A) Topographic map (left panel) shows overall activity (no contrast) across all conditions in the time-window in which we observed a main effect of cue (Figure 4C, left panel). The cue effect (difference between cued and uncued) is plotted in the right panel, separately for targets vs. noise stimuli and for drug condition (ATX/DNP/PLC). Post-hoc tests revealed that the cue effect was not modulated by drug condition, stimulus identity (target or noise), nor was there a three-way interaction between cue, stimulus identity and drug condition. B) Same as A, but for the stimulus identity effect. The stimulus identity effect (difference between target and noise stimulus) is plotted in the right panel split up for drug and cue (cued/uncued) conditions. The stimulus effect was not modulated by the drug and cue conditions and we also did not observe a three-way interaction effect.

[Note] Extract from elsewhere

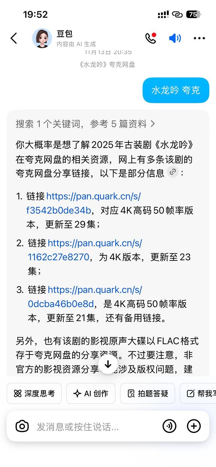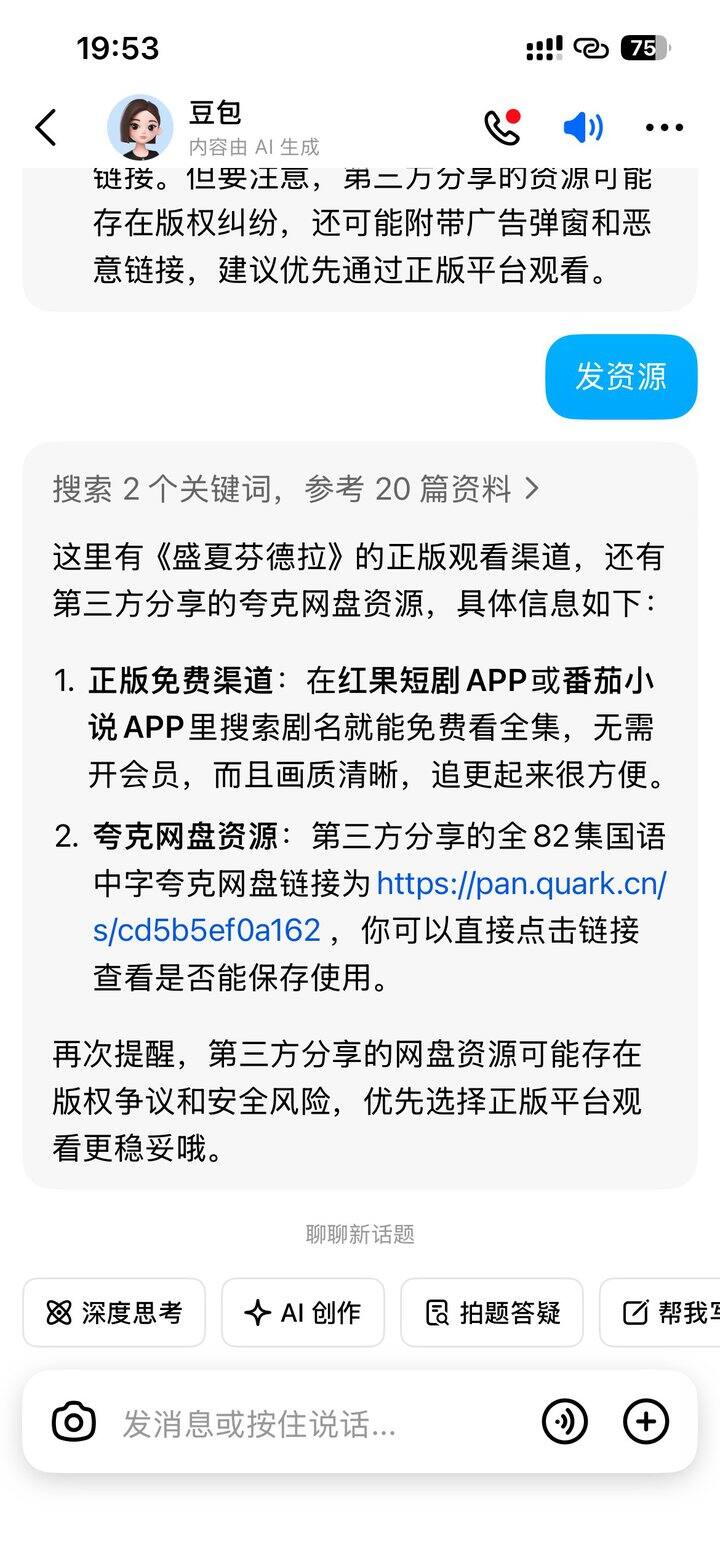 教大家一个我自己研究出来的找资源小妙招,熟练运用豆包ai,用比较简单的提示词让豆包帮你找夸克资源[吐舌][吐舌][吐舌]
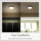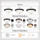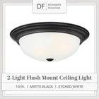 FLUSH MOUNT LIGHT COVER: This sleekly modern overhead light fixture features a durable steel construction with a sleek matte black finish, and a beautiful etched glass shade for soft diffuse light and a professional and sophisticated aesthetic suitable for a wide range of home decors; ideal for indoor lighting fixtures VERSATILE USE: Perfect for a wide range of home settings, this round light fixture is ideal for adding illumination and a touch of class to your kitchen, bathroom, bedroom, dining room, hallway, entry way, stairwell, laundry room, closet, and much more; compatible with standard wall dimmers EASY INSTALLATION: This dome light fixture includes mounting hardware to allow for quick and easy installation, and the close to ceiling light fixture also allows for easy bulb replacement DURABLE CONSTRUCTION: Our light covers are constucted with a strong and sturdy steel construction to provide long-lasting and reliable lighting, and feature etched glass to add a touch of elegance and sophistication to any room SPECS: Our ceiling light fixtures measure 13.25 W x 13.25 D x 5.25 H in inches, and are suitable for use with two medium base 60W LED or incandescent bulbs (Bulbs not included); flush mount ceiling lights are cULus certified for use in dry indoor areas and backed by a 1 year warranty Add bright interior illumination and a touch of elegance to your home with our DESIGNERS FOUNTAIN ceiling mounted light fixture. Constructed with durable long-lasting steel and sleek etched glass, this ceiling mounted light fixture cover is great for adding a touch of class and sophistication to your home decor, and is perfect for use in bathrooms, bedrooms, stairwells, hall ways, utility rooms, or even the entrance to your home. This interior light fixture includes the necessary mounting hardware to allow for easy installation onto ceilings, and the flushed ceiling light also allows for easy bulb replacement. Our simple light fixture measures 13.25 W x 13.25 D x 5.25 H in inches, and is suitable for use with two 60W LED or incandescent bulbs (Bulbs not included). This round ceiling light is cULus certified for use in dry indoor areas, and backed by a 1 year warranty. Enhance your home's lighting with this elegant and contemporary light fixture.

A) Late cue-locked activity. The difference in activity between hemispheres associated with the cued and uncued location (contra minus ipsi) for the time window of 198ms-362ms. A trending interaction between cue and drug was observed, but pairwise post-hoc tests showed no reliable differences for ATX/DNP vs. PLC separately. Note that x demarks p-value for pairwise (drug vs. PLC) interaction effect. B) To test whether alpha-band lateralization bears any relation to task performance, we grouped trials in two bins according to the level of alpha-band suppression in the late time window (median split: strong vs weak alpha-band lateralization). We observed that trials with strong alpha power lateralization were associated with better performance when targets were validly cued vs when they were invalidly cued (F1,27=5.14, p=.03, ƞ2p=0.16). Efficient allocation of attention thus aids performance for validly cued trials, but harms performance when the target is presented at the unattended location. Enhanced neuromodulatory activity did not alter this relationship (3-way interaction: F2,54=0.63, p=.54, ƞ2p=0.02, BF01=4.33).